Task to carry out: For this exercise, transcribe all the entries exactly as given and omit the images.

Records shown:
═══
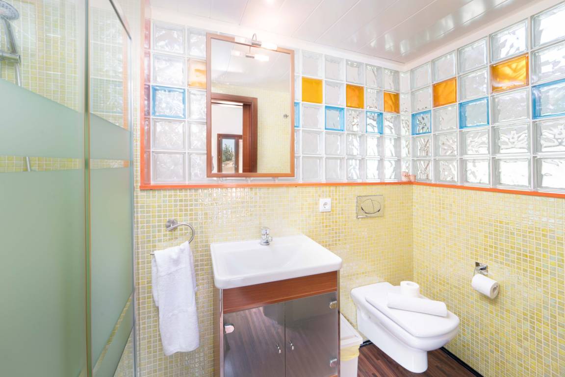 Im Erdgeschoss befinden sich zwei komfortable Schlafzimmer: eines mit einem 160-cm-Doppelbett und eines mit zwei Einzelbetten. Beide Zimmer haben direkten Zugang zum Garten und Poolbereich und teilen sich ein modernes Badezimmer sowie eine separate Toilette.
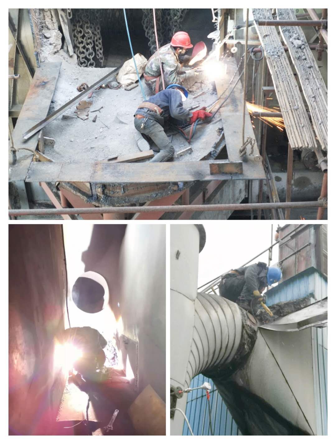 說(shuō)到狹小的空間,我又想到了幾天前補(bǔ)焊收塵管道的維修工,那里也是僅能一人爬進(jìn)去作業(yè),但維修工張凌云和馬海濤沒(méi)有退縮,辦理好作業(yè)票證,他們倆爬進(jìn)了收塵器里認(rèn)真而又圓滿的完成了補(bǔ)焊作業(yè)。
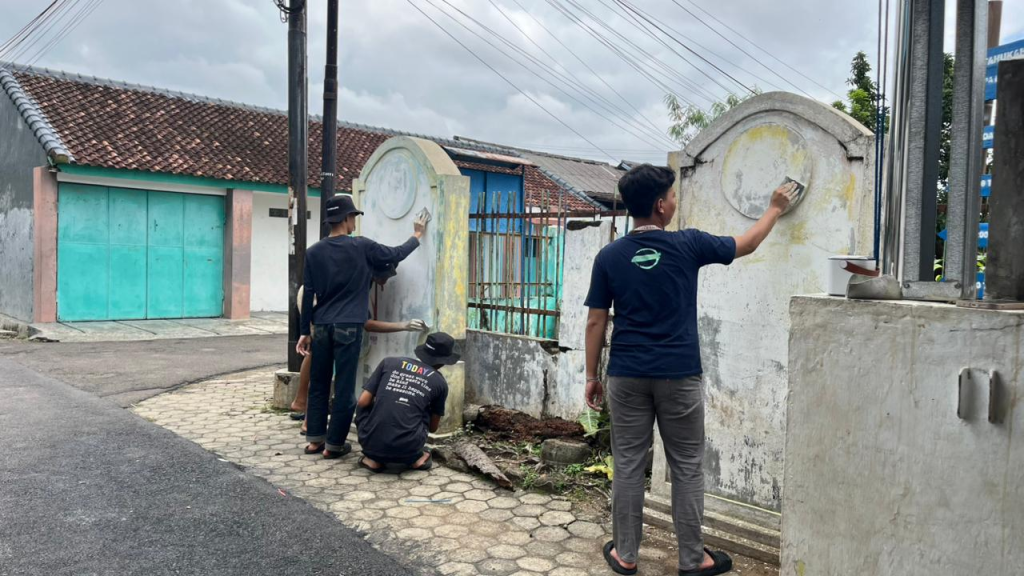 Pada hari pertama pelaksanaan, mahasiswa KKN melakukan tahap awal berupa survei kondisi gapura dan proses pengamplasan permukaan gapura. Survei dilakukan untuk melihat kondisi cat lama, tingkat kerusakan, serta menentukan bagian-bagian yang perlu diperbaiki sebelum dilakukan pengecatan ulang. Selanjutnya, pengamplasan dilakukan secara menyeluruh untuk membersihkan sisa cat lama dan meratakan permukaan gapura agar hasil pengecatan nantinya lebih rapi, tahan lama, dan maksimal.
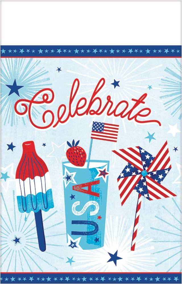 Nappe en plastique dotée de sucettes glacées rouges, blanches et bleues et de drapeaux américains avec mention « Celebrate USA » imprimés sur un fond bleu pâle sur les bords
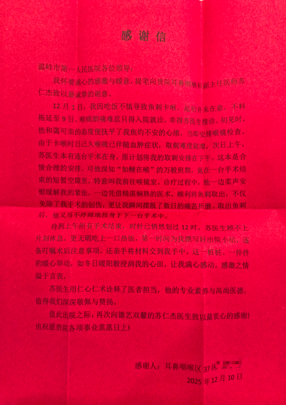 近日,温岭市第一人民医院耳鼻咽喉科,收到了一封红底黑字的感谢信——字里行间,全是患者梁先生对耳鼻喉科苏仁杰副主任医师的满满感激。 事情要从12月1日说起:梁先生吃饭时不慎卡了鱼刺,一开始没当回事,这一拖就是8天!等到12月9日来院时,喉咙已经肿得像“小灯笼”,连视频喉镜都没法顺利找到,按照常规情况,可能得通过手术才能取出这根“顽固”鱼刺。 入院后,苏医生先安排了用药消肿,心里却始终记挂着:“能不手术就尽量帮患者少遭罪!”。等肿胀稍退,他决定:“再试一次喉镜取刺,不行再考虑手术!” 可当天苏医生排满了连台手术,原计划把取刺安排在下午。但一想到梁先生“咽口水都疼”的煎熬,他在一台手术刚结束的短暂空档里,立刻叫上梁先生往喉镜室赶: 诊疗时,他一边柔声安抚缓解紧张,一边凭精准的操作顺利夹出了鱼刺——不仅免了手术创伤,梁先生瞬间就说“喉咙松快了”!取完刺,苏医生马不停蹄又扎进了下一台手术。 等到上午所有手术结束,时针已经悄悄划过12点。苏医生顾不上歇口气、吃口热饭,第一时间写好了出院小结,逐条叮嘱“这两天别吃硬的、烫的食物”,还亲手把材料递到了梁先生手里。 纸短情长,感谢信里的字字句句,是苏仁杰医生用“仁心+技术”织起的医患暖意——专业是底气,暖心是日常。
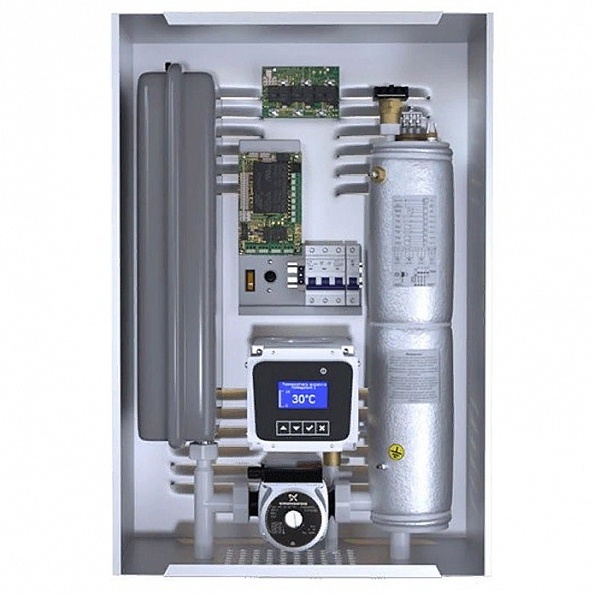 Электрический котел BAXI AMPERA – это умная миникотельная, так как внутри установлен насос, расширительный бак и группа безопасности. Блок панели управления предусматривает работу с каскадом котлов, бойлером ГВС и несколькими контурами, в том числе с контуром «теплые полы» со смесительным
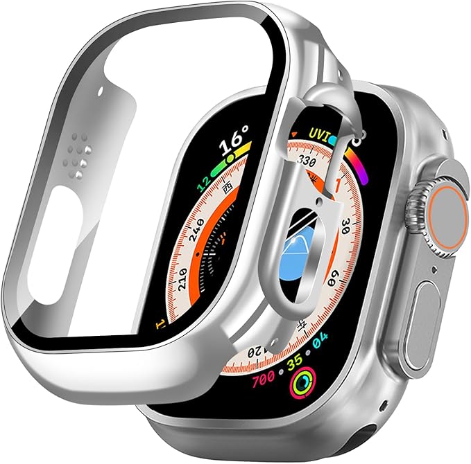 【2枚】TEMEDO 対応 Apple Watch ケース Ultra 2/1 アップルウォッチ カバー PC素材 メッキ加工 Apple Watch カバー 全面保護 二重構造 アップルウォッチ ケース ガラスフィルム 一体型 高耐久 高透過率 装着簡?(49mm,光沢のシルバー) a
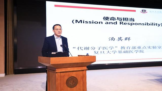 特聘教授、“代谢分子医学”教育部重点实验室主任汤其群从“医学是什么?”谈起,结合“使命与担当”的主题,介绍了自己从兴趣到探索,最终走向专研的成才路径。汤老师指出,作为导师应该让学生了解学科专业,整合基础实验、临床问题、临床研究,最终让医学研究回归改变临床的本质。
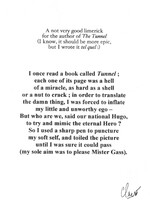 "Not a Very Good Limerick" by Claro "Not a Very Good Limerick" by Claro--the French translator of The Tunnel. Claro sent this limerick to Gass. -
═══
Exercise solution:
 Im Erdgeschoss befinden sich zwei komfortable Schlafzimmer: eines mit einem 160-cm-Doppelbett und eines mit zwei Einzelbetten. Beide Zimmer haben direkten Zugang zum Garten und Poolbereich und teilen sich ein modernes Badezimmer sowie eine separate Toilette.
 說(shuō)到狹小的空間,我又想到了幾天前補(bǔ)焊收塵管道的維修工,那里也是僅能一人爬進(jìn)去作業(yè),但維修工張凌云和馬海濤沒(méi)有退縮,辦理好作業(yè)票證,他們倆爬進(jìn)了收塵器里認(rèn)真而又圓滿的完成了補(bǔ)焊作業(yè)。
 Pada hari pertama pelaksanaan, mahasiswa KKN melakukan tahap awal berupa survei kondisi gapura dan proses pengamplasan permukaan gapura. Survei dilakukan untuk melihat kondisi cat lama, tingkat kerusakan, serta menentukan bagian-bagian yang perlu diperbaiki sebelum dilakukan pengecatan ulang. Selanjutnya, pengamplasan dilakukan secara menyeluruh untuk membersihkan sisa cat lama dan meratakan permukaan gapura agar hasil pengecatan nantinya lebih rapi, tahan lama, dan maksimal.
 Nappe en plastique dotée de sucettes glacées rouges, blanches et bleues et de drapeaux américains avec mention « Celebrate USA » imprimés sur un fond bleu pâle sur les bords
 近日,温岭市第一人民医院耳鼻咽喉科,收到了一封红底黑字的感谢信——字里行间,全是患者梁先生对耳鼻喉科苏仁杰副主任医师的满满感激。 事情要从12月1日说起:梁先生吃饭时不慎卡了鱼刺,一开始没当回事,这一拖就是8天!等到12月9日来院时,喉咙已经肿得像“小灯笼”,连视频喉镜都没法顺利找到,按照常规情况,可能得通过手术才能取出这根“顽固”鱼刺。 入院后,苏医生先安排了用药消肿,心里却始终记挂着:“能不手术就尽量帮患者少遭罪!”。等肿胀稍退,他决定:“再试一次喉镜取刺,不行再考虑手术!” 可当天苏医生排满了连台手术,原计划把取刺安排在下午。但一想到梁先生“咽口水都疼”的煎熬,他在一台手术刚结束的短暂空档里,立刻叫上梁先生往喉镜室赶: 诊疗时,他一边柔声安抚缓解紧张,一边凭精准的操作顺利夹出了鱼刺——不仅免了手术创伤,梁先生瞬间就说“喉咙松快了”!取完刺,苏医生马不停蹄又扎进了下一台手术。 等到上午所有手术结束,时针已经悄悄划过12点。苏医生顾不上歇口气、吃口热饭,第一时间写好了出院小结,逐条叮嘱“这两天别吃硬的、烫的食物”,还亲手把材料递到了梁先生手里。 纸短情长,感谢信里的字字句句,是苏仁杰医生用“仁心+技术”织起的医患暖意——专业是底气,暖心是日常。
 Электрический котел BAXI AMPERA – это умная миникотельная, так как внутри установлен насос, расширительный бак и группа безопасности. Блок панели управления предусматривает работу с каскадом котлов, бойлером ГВС и несколькими контурами, в том числе с контуром «теплые полы» со смесительным
 【2枚】TEMEDO 対応 Apple Watch ケース Ultra 2/1 アップルウォッチ カバー PC素材 メッキ加工 Apple Watch カバー 全面保護 二重構造 アップルウォッチ ケース ガラスフィルム 一体型 高耐久 高透過率 装着簡?(49mm,光沢のシルバー) a
 特聘教授、“代谢分子医学”教育部重点实验室主任汤其群从“医学是什么?”谈起,结合“使命与担当”的主题,介绍了自己从兴趣到探索,最终走向专研的成才路径。汤老师指出,作为导师应该让学生了解学科专业,整合基础实验、临床问题、临床研究,最终让医学研究回归改变临床的本质。
 "Not a Very Good Limerick" by Claro "Not a Very Good Limerick" by Claro--the French translator of The Tunnel. Claro sent this limerick to Gass. -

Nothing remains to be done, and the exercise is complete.